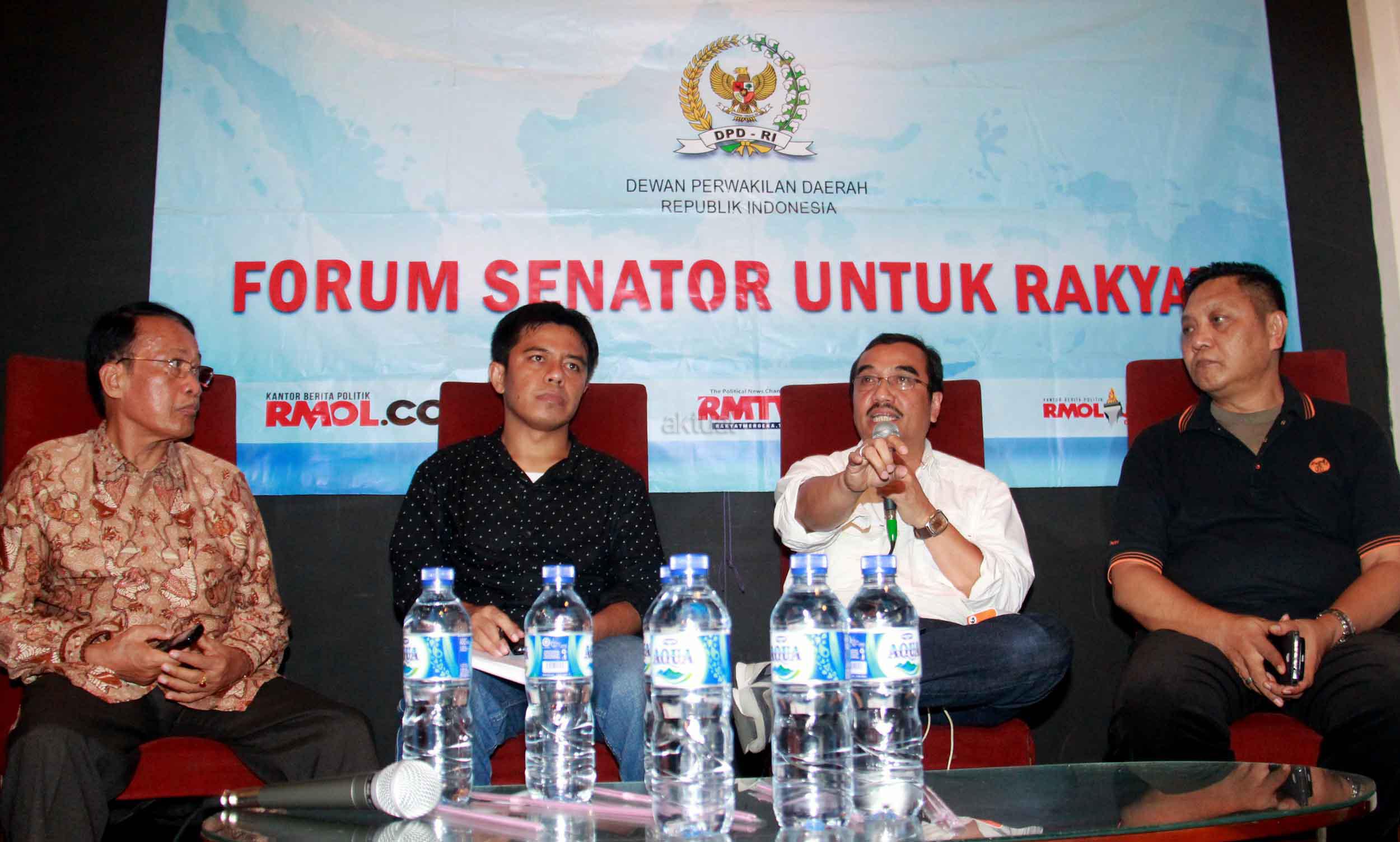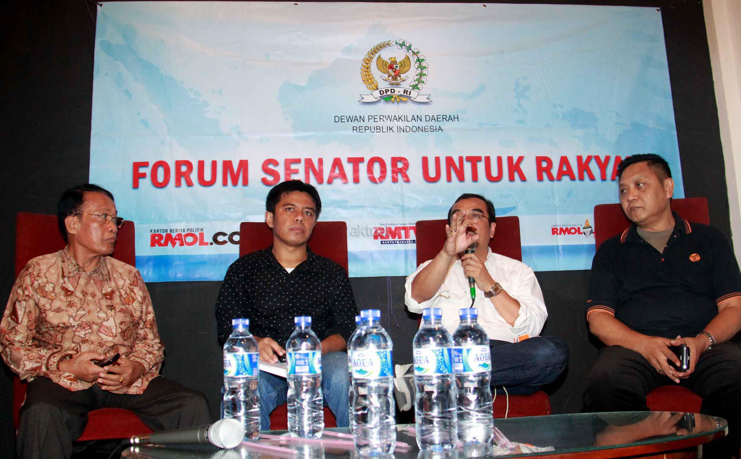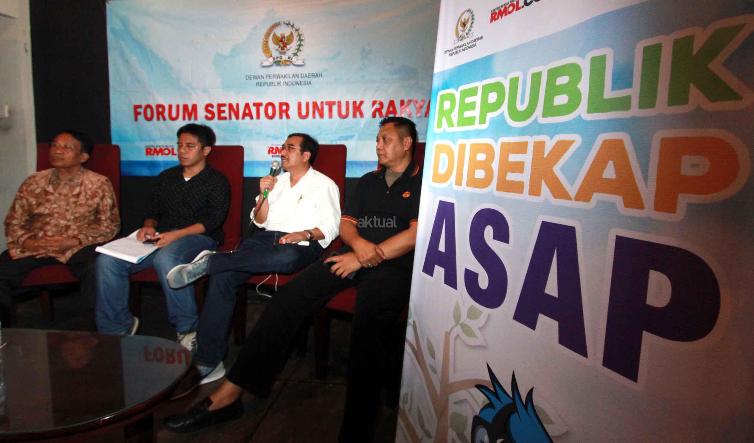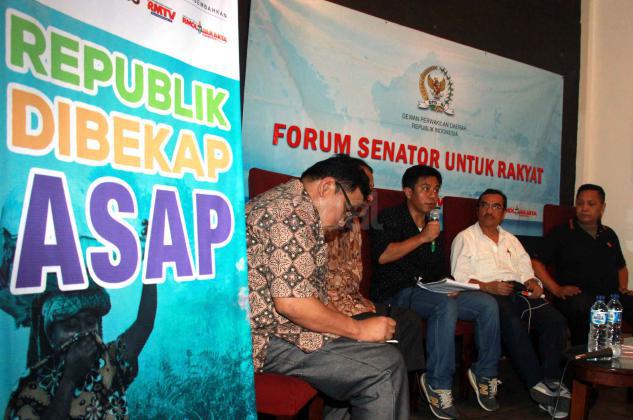 Kika; Anggota DPD RI Asal Riau Abdul Gafar Usmaan, Aktivis Walhi Pius Ginting, Direktur Eksekutif Gabungan Pengusaha Kelapa Sawit Indonesia Fadhil Hasan, Koordiantor Gerakan Indonesia Bersih Adhie Masardi, dalam diskusi Forum Senator Untuk Rakyat di Jakarta, Minggu (20/9/2015). Diskusi yang bertemakan " Republik Dibekap Asap.
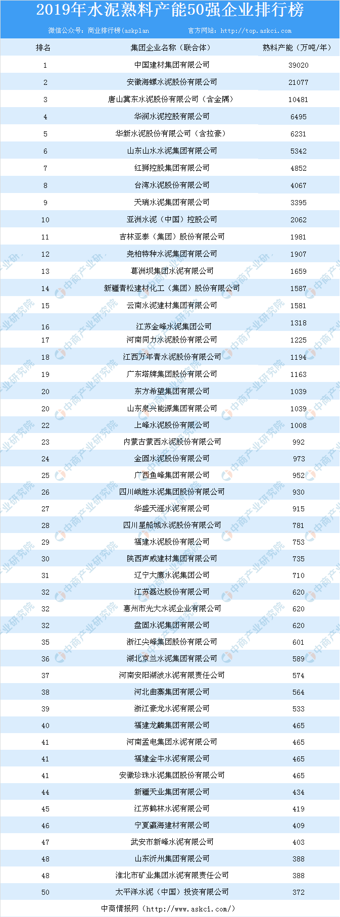 據(jù)數(shù)據(jù)統(tǒng)計(jì)顯示:前10家大企業(yè)集團(tuán)的水泥熟料年產(chǎn)能達(dá)到10.3億噸,占全國(guó)總產(chǎn)能的57%,與上年相比保持持平。以下是2019年全國(guó)水泥熟料產(chǎn)能50強(qiáng)企業(yè)詳細(xì)排名情況:
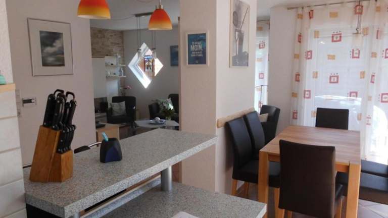 Die Ferienwohnung umfasst drei Schlafzimmer, die funktional ausgestattet sind. Die gut eingerichtete Küche ermöglicht die Selbstversorgung und bietet sowohl einen Kühlschrank als auch einen Geschirrspüler. Des Weiteren sind zwei Badezimmer vorhanden, die mit Duschen ausgestattet sind. Handtücher und Bettwäsche werden bereitgestellt.
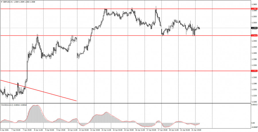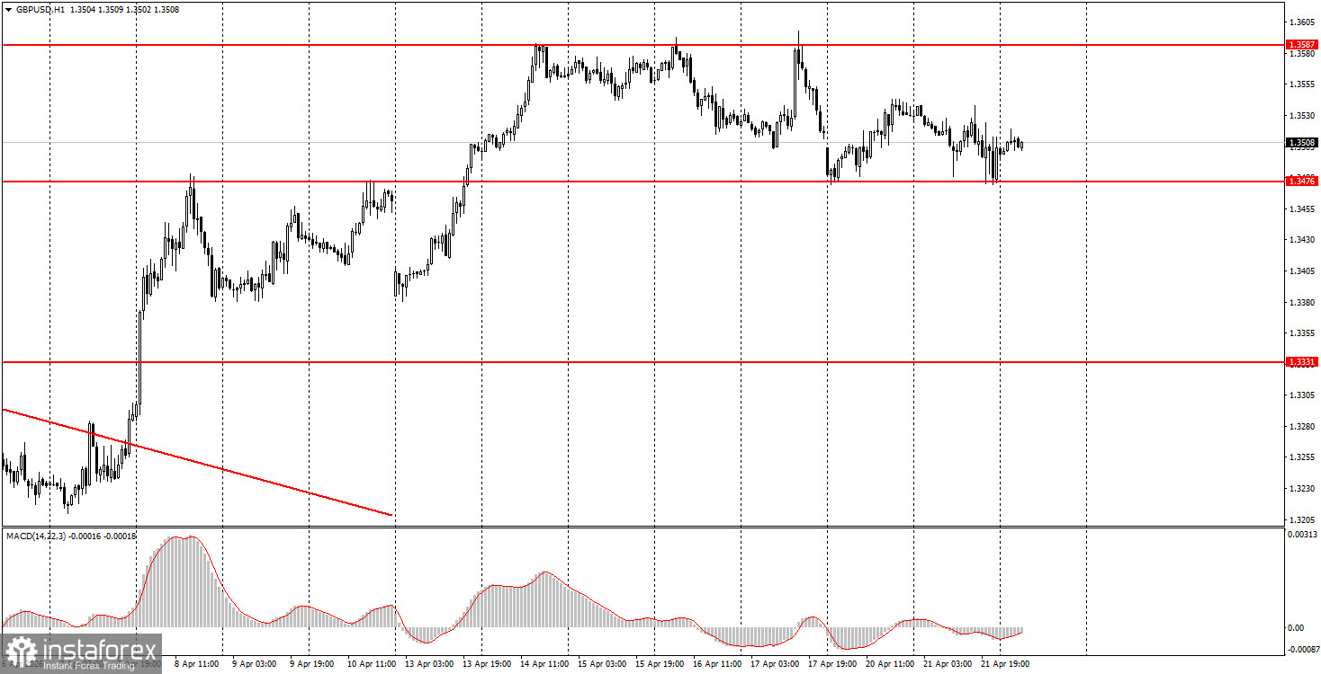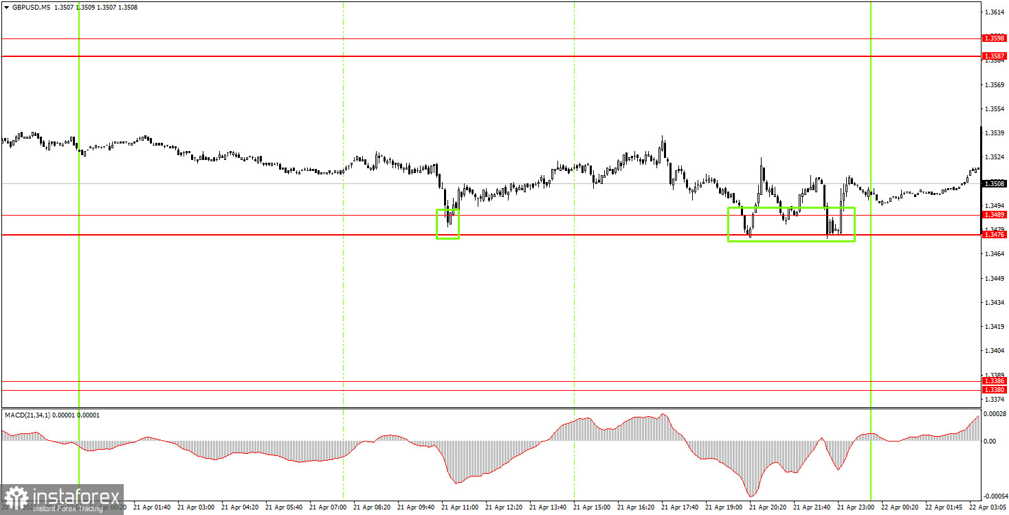 На 5-минутном ТФ во вторник было сформировано два торговых сигнала. На европейской торговой сессии пара отскочила от области 1,3476-1,3489, и на американской произошло аналогичное событие. Таким образом, начинающие трейдеры имели две возможности открыть длинную позицию, но слабая волатильность в течение дня не позволила получить прибыль. Сделку можно поддерживать в среду, 22 апреля.
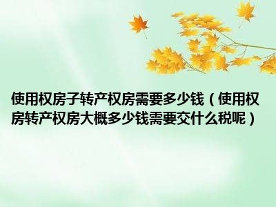 第一,你要搞清楚是否能够转换为产权房,使用权房分为:为可变产权的 使用权房屋 就是 永久使用权的房屋;比方说单位的大产权不愿意卖,单位房就只能是使用权。使用权房屋可以转产权,买入价格的计算较为复杂,政府每年公布一个基准价格,再按照工龄、房屋面积、朝向、楼层等因素进行加减,具体您可以联系当地的物业公司。如可以买,那和正常买房的税费一样:这类使用权房产就相当于尚未被购买的公房,如果想将产权变更到个人,则需要在每年的年初或年中,凭单位工龄介绍信到房管所或产权单位的房管科参加房改,当然,需按建房成本支付费用。而如遇拆迁,房管所或产权单位也有权在拆迁费里扣掉这部分钱。房屋使用者如想获得产权,所交钱数的计算公式为:房屋使用面积乘以系数33后折合成房屋建筑面积,再乘以每平方米1560元。而按这个公式计算,一个使用面积30平方米的使用权房如遇拆迁,所需交给产权单位的钱仅为62244元。再加上折工龄及折旧,每套房合下来的一般只需要交纳两万元左右。使用权的转换不涉及任何交易税费只需要交纳过户费用 .
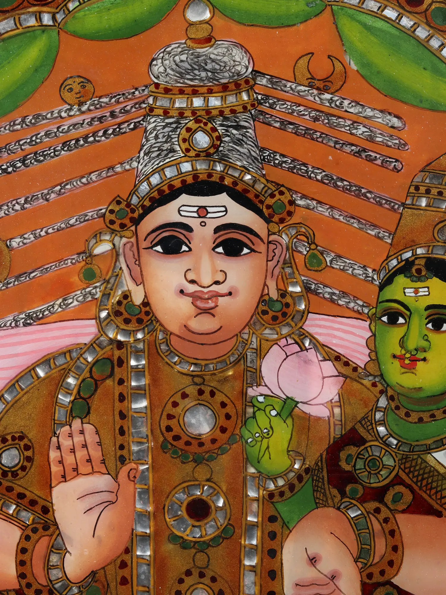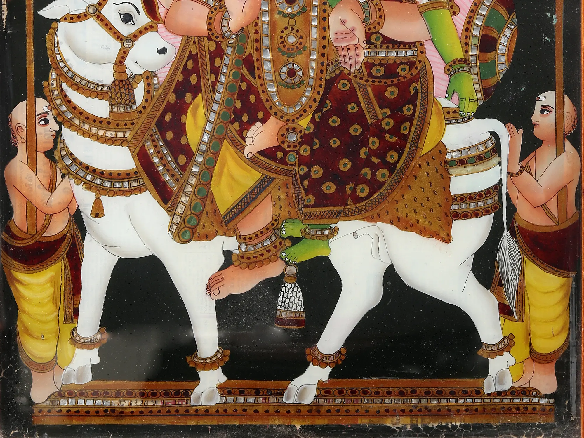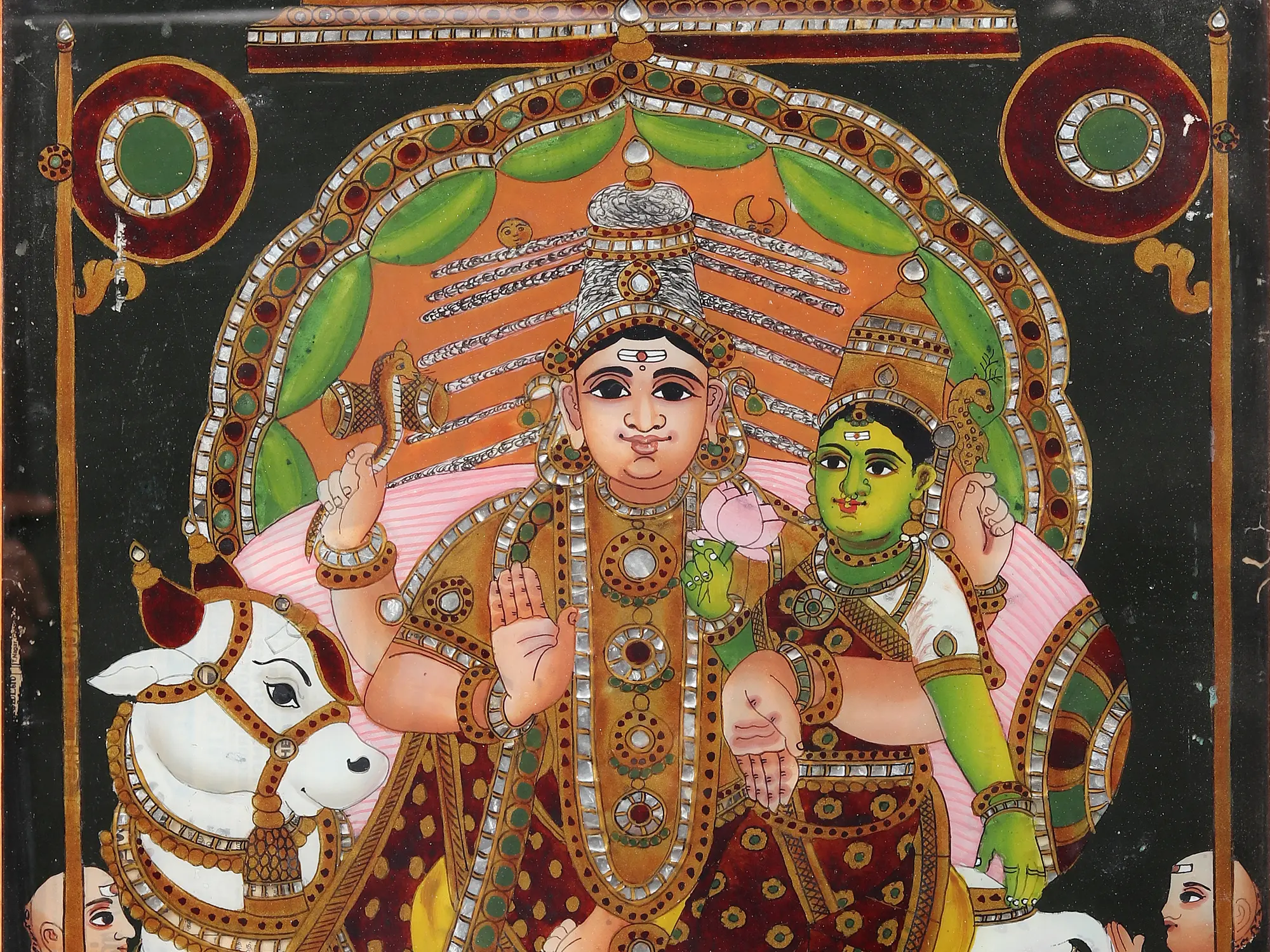 A glimpse into the Kailasha - at the focus of this glass artwork lies the celestial marriage of Lord Shiva and Goddess Parvati—Pradosha Moorthy. Their divine love, portrayed with intricate detailing, epitomises the sacred and wholesome bond between the masculine and the feminine of existence. Flanking the divine couple are two devoted priests, each symbolising the earthly conduits of devotion and ritual. Their hands clasped in reverence, they assist in the sacred ceremony that unites Shiva and Parvati, bridging the mortal and immortal realms.

● ● ● ● ●

Give the listing again word for word. Skip every image.

 Kika; Anggota DPD RI Asal Riau Abdul Gafar Usmaan, Aktivis Walhi Pius Ginting, Direktur Eksekutif Gabungan Pengusaha Kelapa Sawit Indonesia Fadhil Hasan, Koordiantor Gerakan Indonesia Bersih Adhie Masardi, dalam diskusi Forum Senator Untuk Rakyat di Jakarta, Minggu (20/9/2015). Diskusi yang bertemakan " Republik Dibekap Asap.
 據(jù)數(shù)據(jù)統(tǒng)計(jì)顯示:前10家大企業(yè)集團(tuán)的水泥熟料年產(chǎn)能達(dá)到10.3億噸,占全國(guó)總產(chǎn)能的57%,與上年相比保持持平。以下是2019年全國(guó)水泥熟料產(chǎn)能50強(qiáng)企業(yè)詳細(xì)排名情況:
 Die Ferienwohnung umfasst drei Schlafzimmer, die funktional ausgestattet sind. Die gut eingerichtete Küche ermöglicht die Selbstversorgung und bietet sowohl einen Kühlschrank als auch einen Geschirrspüler. Des Weiteren sind zwei Badezimmer vorhanden, die mit Duschen ausgestattet sind. Handtücher und Bettwäsche werden bereitgestellt.
 На 5-минутном ТФ во вторник было сформировано два торговых сигнала. На европейской торговой сессии пара отскочила от области 1,3476-1,3489, и на американской произошло аналогичное событие. Таким образом, начинающие трейдеры имели две возможности открыть длинную позицию, но слабая волатильность в течение дня не позволила получить прибыль. Сделку можно поддерживать в среду, 22 апреля.
 第一,你要搞清楚是否能够转换为产权房,使用权房分为:为可变产权的 使用权房屋 就是 永久使用权的房屋;比方说单位的大产权不愿意卖,单位房就只能是使用权。使用权房屋可以转产权,买入价格的计算较为复杂,政府每年公布一个基准价格,再按照工龄、房屋面积、朝向、楼层等因素进行加减,具体您可以联系当地的物业公司。如可以买,那和正常买房的税费一样:这类使用权房产就相当于尚未被购买的公房,如果想将产权变更到个人,则需要在每年的年初或年中,凭单位工龄介绍信到房管所或产权单位的房管科参加房改,当然,需按建房成本支付费用。而如遇拆迁,房管所或产权单位也有权在拆迁费里扣掉这部分钱。房屋使用者如想获得产权,所交钱数的计算公式为:房屋使用面积乘以系数33后折合成房屋建筑面积,再乘以每平方米1560元。而按这个公式计算,一个使用面积30平方米的使用权房如遇拆迁,所需交给产权单位的钱仅为62244元。再加上折工龄及折旧,每套房合下来的一般只需要交纳两万元左右。使用权的转换不涉及任何交易税费只需要交纳过户费用 .
 A glimpse into the Kailasha - at the focus of this glass artwork lies the celestial marriage of Lord Shiva and Goddess Parvati—Pradosha Moorthy. Their divine love, portrayed with intricate detailing, epitomises the sacred and wholesome bond between the masculine and the feminine of existence. Flanking the divine couple are two devoted priests, each symbolising the earthly conduits of devotion and ritual. Their hands clasped in reverence, they assist in the sacred ceremony that unites Shiva and Parvati, bridging the mortal and immortal realms.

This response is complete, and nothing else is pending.